FOUR COMMON LICENSING TRAPS TO AVOID

DEFINITIONS

Jones' paper also advised end users to read the definitions used in contracts. He cited an IBM license, for example, in which "concurrent users" was not defined as commonly considered (the number of people assigned to use it) but on the peak number of database sessions.

Jones also noted that some vendors - the main offender being Microsoft - don't even include definitions on the contract itself, but refer to an external document called a Product Use Rights (PUR) guide that is updated at the vendor's whim.

LIMITS ON VIRTUALISATION

Many contracts also still apply licenses to each physical server on which it is installed, he said, without taking into account that an equal amount of applications today are deployed on virtual servers.

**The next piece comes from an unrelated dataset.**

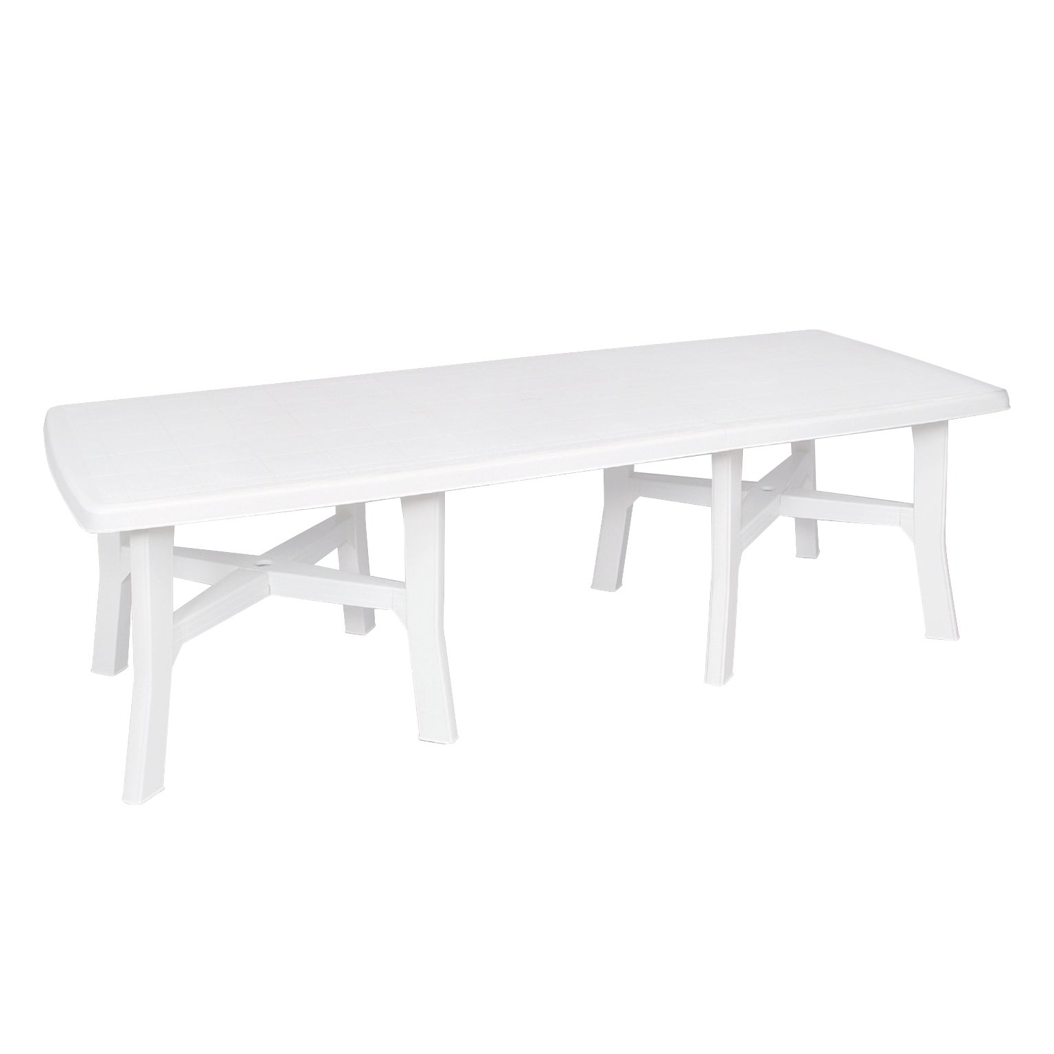 Tavolo da giardino allungabile rettangolare della serie TRIO PLUS strutturato in resina di polipropilene. Colore bianco. Dimensioni da chiuso: 180 x 90 x 72 cm (larghezza x profondità x altezza) Dimensioni da aperto: 240 x 90 x 72 cm. Allungabile per adattarsi alle diverse esigenze. Resistente alla ruggine e alle deformazioni dovute agli agenti atmosferici, adatto a un uso quotidiano. Per una maggiore protezione ricoverare in un luogo riparato nei periodi di non utilizzo - Provvisto di foro centrale per l'ombrellone - Tavolo versatile, grazie alla prolunga permette di ospitare ancora più persone. Il polipropilene utilizzato nella produzione è conforme agli standard di qualità europei: i prodotti sono solidi, resistenti alle intemperie e completamente riciclabili.
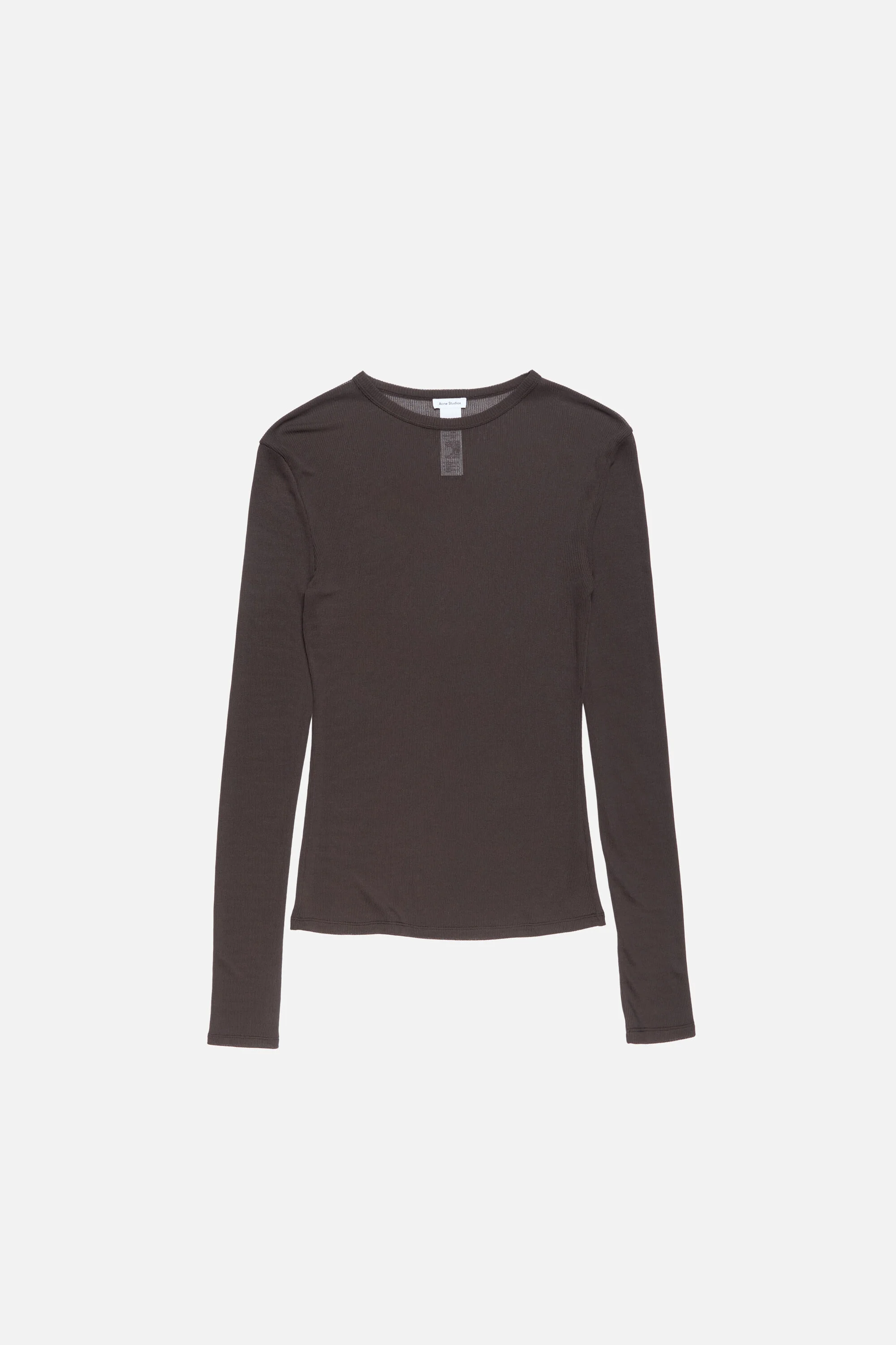 Crewneck long-sleeve T-shirt crafted from thin, fluid ribbed fabric, finished with a logo tag at the back neckline. Cut to a fitted silhouette and hip length. - Crewneck T-shirt - Fitted - Hip length - Long-sleeves - Model is 179 cm / 5'11 and wears a S - Style ID: RW-WN-TSHI000003 - Shell: 82% Viscose, 18% Nylon

Buyers "should not assume that software houses will apply reasonable policies" in such situations, Jones said. "Some will enforce the letter of agreement" and even those attempting to pose as being reasonable will do so "if the customer signs a contract amendment and agrees to other conditions."

USAGE LIMITS

The paper also advises buyers to include the right to subsidiaries or third party hosting companies to use the same software licensed by the parent company signing the contract. It should also ensure it has an international right to use the software, not simply one for the country in which the deal was negotiated.

Jones also noted that some software vendors placed restrictions on what hardware or operating system an application ran on - with one business intelligence vendor charging a 33 percent premium on its license should an end user swap out for better infrastructure.

This, he said, was clearly "unreasonable" and should be struck from any contract.

IS THIS WHAT I PAID FOR?

Buyers should also be careful that the contract includes all the functions demonstrated during the tender and sales process, and that none of these are omitted when the price is bargained.